● **INPUT MATERIAL**
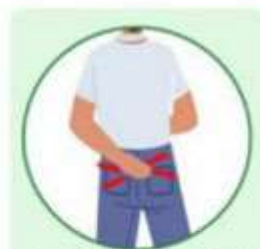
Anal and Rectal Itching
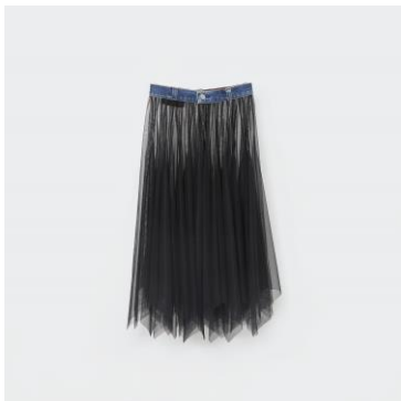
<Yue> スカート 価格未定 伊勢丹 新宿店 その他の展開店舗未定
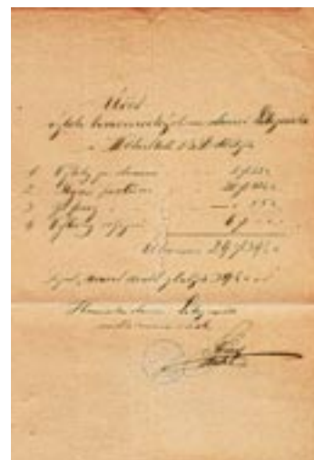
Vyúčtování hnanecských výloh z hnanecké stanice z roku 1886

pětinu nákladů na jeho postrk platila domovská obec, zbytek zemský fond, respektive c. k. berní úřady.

==

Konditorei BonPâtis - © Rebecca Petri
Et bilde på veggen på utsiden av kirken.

● **WORK TO BE COMPLETED**
Using the listing above, restate exactly the range between the lines holding "Anal and Rectal Itching" and "pětinu nákladů na", inclusive, with pictures left out.

● **EXERCISE RESPONSE**
Anal and Rectal Itching
<Yue> スカート 価格未定 伊勢丹 新宿店 その他の展開店舗未定
Vyúčtování hnanecských výloh z hnanecké stanice z roku 1886

pětinu nákladů na jeho postrk platila domovská obec, zbytek zemský fond, respektive c. k. berní úřady.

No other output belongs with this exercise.